Now. Using the Euclid's divisions algorithm which says that

a=bq+r

Let a be any positive integer.

b=5. . r= 0,1,2,3,4.

Then . a= 5q+r

Now put the values of r and square it.. Represent the squared nber in the form of 5q,5q+1 or 5q+4. You will get your answer.
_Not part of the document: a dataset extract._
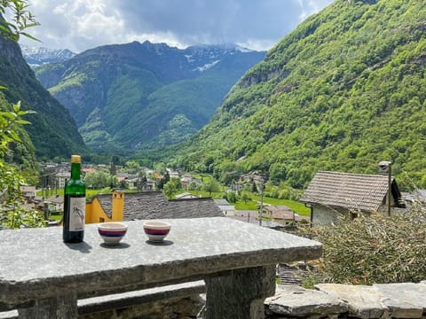 The house is situated on a sunny, quiet hillside above the municipality of Cavergno. The village centre with post bus stop, butcher's shop, bar and pizzeria is a five-minute walk away. Locarno is around 30 minutes away by car. Hiking trails through the Maggia Valley start right on the doorstep, and the surrounding area offers grottos, village markets and excursions to Cevio or Locarno.

Hope you understand what i am saying

Answer 2

Here is your ans.,

Let there be any positive integer ' a '

such that b = 5


Acc. to Euclid 's Division Lemmma :

a = 5q + r
where r is less than 5


so if r = 1 ,
a^2 = ( 5q+1)^2

= 25q^2 + 1 + 10q
= 5( 5q^2+2q ) + 1
( where 5q^2 + 2q = m )

= 5m+ 1


If r = 2
a^2 = ( 5q+2)^2
= 25q^2 + 4 + 20q
= 5( 5q^2 +4q) +4
( where 5q^2 +4q= m )
= 5m+4


if r= 3
a^2=(5q+3)^2
=25q^2 +9+30q
= 25q^2 +30q + 5 + 4
= 5( 5q^2 + 6q + 1) + 4
( where 5q^2 + 6q + 1 = m )
= 5m+4

if r=4
a^2 = ( 5q + 4 )^2
= 25q^2 + 16 + 40q
= 25q^2 + 40q +15 + 1
= 5( 5q^2 + 8q + 3 ) + 1
( where 5q^2 + 8q + 3 =m )
= 5m+ 1


Hence proved , square of any positive integer cannot be of the form 5m+ 2 and 5m+3.



Hope it helps...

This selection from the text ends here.